Il serait naïf de croire que leurs
convictions intimes se soient transformées, du jour au lendemain, suite à la
fameuse rencontre de Paris qui a scellé le destin du pays.
Ma conviction intime est que le
Premier responsable d’Ennahdha, politicien intelligent, pragmatique et savant
attendre, a opéré un repli tactique simplement pour ménager l’avenir de son parti et asseoir solidement son emprise
sur le pays.
En fait, si les dirigeants ont, pour
le moment, suivi leur chef, c’est moins sur pour la base du parti.
On aura beau nous dire que le
prochain Congrès fera la séparation entre le politique et le religieux ce qui
avec la Constitution, telle que rédigée actuellement, le caractère civil de
l’Etat sera garanti. Mais tout le monde sait que cette Constitution résultant de
tractations et de concessions, contient des ambiguïtés qui peuvent être
exploitées dans un sens ou dans l’autre.
Quant au parti, une fois au Pouvoir,
une branche dont elle serait issue interférera dans le religieux et ainsi la
forme sera sauvée. Cette dérivée comportera, sans conteste, Cheikh Mourou qui a
confié, rappelez-vous bien, à l’homme qui prêche l’excision des femmes, sans
doute mécontent, que notre « action » doit cibler les jeunes car
leurs parents ont pris le mauvais pli et il n’y a à attendre d’eux.
L’avenir de ce pays dépend donc de
l’opportunité qu’il y aurait de laisser à des émanations d’un parti le soin de
réislamiser la Tunisie par ses prêches
ce qui nous ramènera à la case de départ.
Doit-on accepter ce principe ?
Où doit doit-on réserver le domaine religieux à l’Etat, c'est-à-dire au
Ministère des affaires religieuses, une fois un cadre d’actions mis en
place ? Ou à la limite à une autorité indépendante de L’Etat et de tous
les partis politiques ?
Toute la question est là.
C’est pourquoi je m’adresse au
Ministère des Affaires religieuses pour lui demander d’expliciter la politique
qu’il entend suivre en matière religieuse durant cette législature.
Le cadre d’actions pourrait
comporter plusieurs points à respecter :
-Le Coran qui demeure notre texte de base doit être lu d’une
manière uniforme.
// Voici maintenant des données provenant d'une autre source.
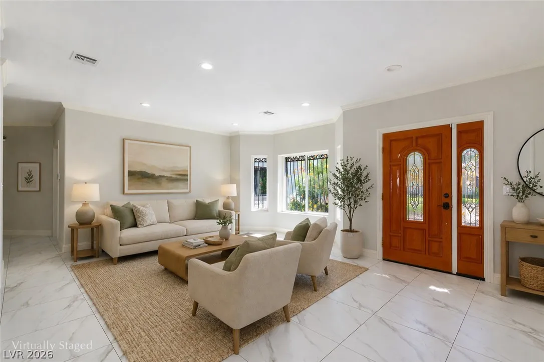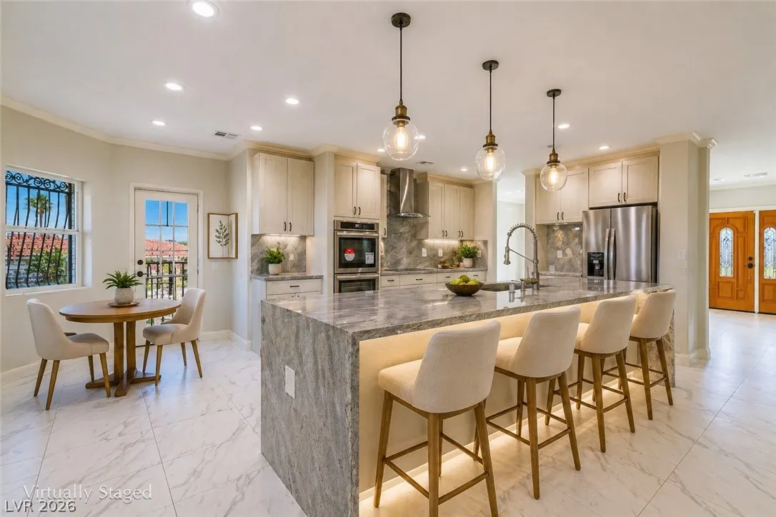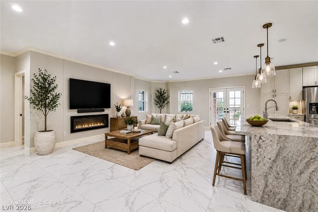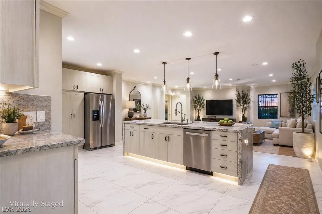 COMPLETELY REMODELED SINGLE STORY GEM WITH PANORAMIC BACKYARD MOUNTAIN VIEWS AND RV PARKING!!! Spectacular layout features 5 bedrooms and casita. 4 of the bedrooms have attached 3/4 bath. The kitchen has been redone with huge island that seats 5, stainless steel appliances, hooded vent, and pantry. Tile throughout, no carpet. There is a large great room with dining space to the side and additional formal living room space at the entry. The oversized master bedroom features large walk in closet with custom shelving. Master bath comes with separate jetted tub and walk in shower along with double sinks. Separate laundry has a sink and folding area. Additional washer and dryer set in the finished garage with epoxy floor, if needed. The backyard includes a full length covered patio, low maintenance landscaping with shrubs, synthetic grass, and a conversation fire pit. The gated side lot can accommodate multiple vehicles or an RV and measures approximately 90×36. Only expense is power bill!

A cet égard, pourquoi ne pas éditer une nouvelle mouture
Coran qui comprendra soit des renvois, soit en annexe des compléments
explicatifs qui lèveront toutes les erreurs de lecture et
d’interprétation?
Ce travail serait confié à une commission qui
comprendrait outre les cheikhs zeitouniens,
nos penseurs éclairés. ( Mr Youssef Essedik et autres…)
-Assurer une formation complète des
nouveaux Imans et recycler les anciens
qui seraient prédisposés à le faire,
-Suivre le prêche de nos Imans,
opérer les redressements qui s’imposent et écarter de nos mosquées les imams
extrémistes.
-Lancer une Chaîne de télévision à
caractère historique, civilisationnel et religieux, à audience maghrébine et
européenne, à l’effet de diffuser un discours religieux expurgé de toute fausse
interprétation et de tout extrémisme et ouverte aux débats contradictoires.
-Revoir les manuels scolaires et
réviser à la hausse les coefficients des matières religieuses.
Ce cadre, s’il était mis en place,
servirait de rempart à l’islamisme rampant. Il n’y aurait plus de justification
pour que des partis politiques prennent leurs bâtons de pèlerin pour nous « reislamiser »
à leur façon en créant leurs branches religieuses.
Le second garde fous consiste à ce
que la société civile qui a montré son dynamisme et sa maturité trouve le cadre
idoine et une structure pour faire passer ses messages au citoyen et à ceux qui
nous gouvernent, surtout.
Oui, ceux qui nous gouvernent
croient, à tort, détenir, seuls, la vérité et ont montré qu’ils ne tenaient
aucunement compte de la position de la société civile bien qu’elle soit en
avance sur eux.
Aussi, de même qu’il y a un
« Parlement pour les enfants », la société civile a un cruel besoin
d’un Parlement bien à elle.
Y feront partie, les associations, nos
penseurs, poètes, artistes et écrivains, nos experts et vieux routiers de
l’Administration et des entreprises, nos entrepreneurs dans les divers secteurs
de l’activité économique dont les avis peuvent être utiles et nous faire gagner
du temps.
L’exécutif et le législatif seront
tenus, par la loi, de consulter ce nouvel organisme et de justifier leurs
prises de position contraires à l’avis émis.